▸ Extracted entries:
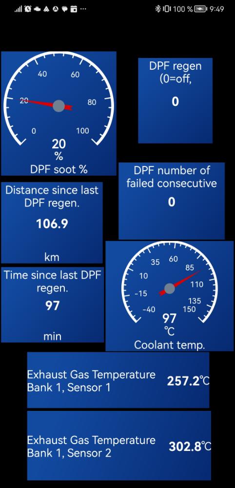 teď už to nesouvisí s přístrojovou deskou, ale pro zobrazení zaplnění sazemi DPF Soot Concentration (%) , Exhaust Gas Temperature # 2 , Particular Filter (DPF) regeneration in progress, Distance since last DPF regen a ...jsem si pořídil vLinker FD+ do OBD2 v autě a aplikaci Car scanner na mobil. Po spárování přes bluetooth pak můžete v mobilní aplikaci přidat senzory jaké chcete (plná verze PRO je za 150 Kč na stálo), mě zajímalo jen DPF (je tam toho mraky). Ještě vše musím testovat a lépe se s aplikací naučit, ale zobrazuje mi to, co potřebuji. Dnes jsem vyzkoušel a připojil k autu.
==
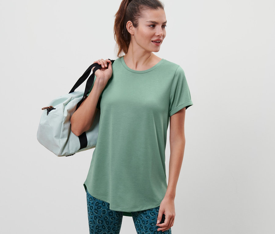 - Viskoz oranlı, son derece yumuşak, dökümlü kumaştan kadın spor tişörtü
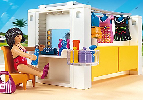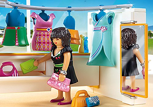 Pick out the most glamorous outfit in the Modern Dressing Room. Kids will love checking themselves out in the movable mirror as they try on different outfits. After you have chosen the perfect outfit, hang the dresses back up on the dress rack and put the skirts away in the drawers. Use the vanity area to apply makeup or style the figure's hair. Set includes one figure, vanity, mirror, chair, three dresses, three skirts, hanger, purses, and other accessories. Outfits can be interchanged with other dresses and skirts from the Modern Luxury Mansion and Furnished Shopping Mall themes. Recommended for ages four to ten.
---
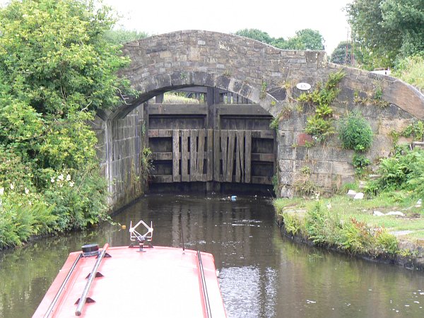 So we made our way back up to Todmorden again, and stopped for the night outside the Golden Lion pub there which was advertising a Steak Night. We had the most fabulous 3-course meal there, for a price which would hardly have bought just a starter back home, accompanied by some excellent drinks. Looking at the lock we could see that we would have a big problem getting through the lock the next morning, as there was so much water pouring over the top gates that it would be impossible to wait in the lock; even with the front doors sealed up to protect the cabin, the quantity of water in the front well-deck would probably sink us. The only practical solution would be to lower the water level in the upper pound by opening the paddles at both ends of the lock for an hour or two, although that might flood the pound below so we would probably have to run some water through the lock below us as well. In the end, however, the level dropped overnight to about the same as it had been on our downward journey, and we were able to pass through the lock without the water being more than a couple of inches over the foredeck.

▸ What to do: Copy nothing but the lines above that run from the one with "- Viskoz oranlı, son" to the one with "Pick out the", ends included; pictures stay out.

▸ Written answer:
 - Viskoz oranlı, son derece yumuşak, dökümlü kumaştan kadın spor tişörtü
 Pick out the most glamorous outfit in the Modern Dressing Room. Kids will love checking themselves out in the movable mirror as they try on different outfits. After you have chosen the perfect outfit, hang the dresses back up on the dress rack and put the skirts away in the drawers. Use the vanity area to apply makeup or style the figure's hair. Set includes one figure, vanity, mirror, chair, three dresses, three skirts, hanger, purses, and other accessories. Outfits can be interchanged with other dresses and skirts from the Modern Luxury Mansion and Furnished Shopping Mall themes. Recommended for ages four to ten.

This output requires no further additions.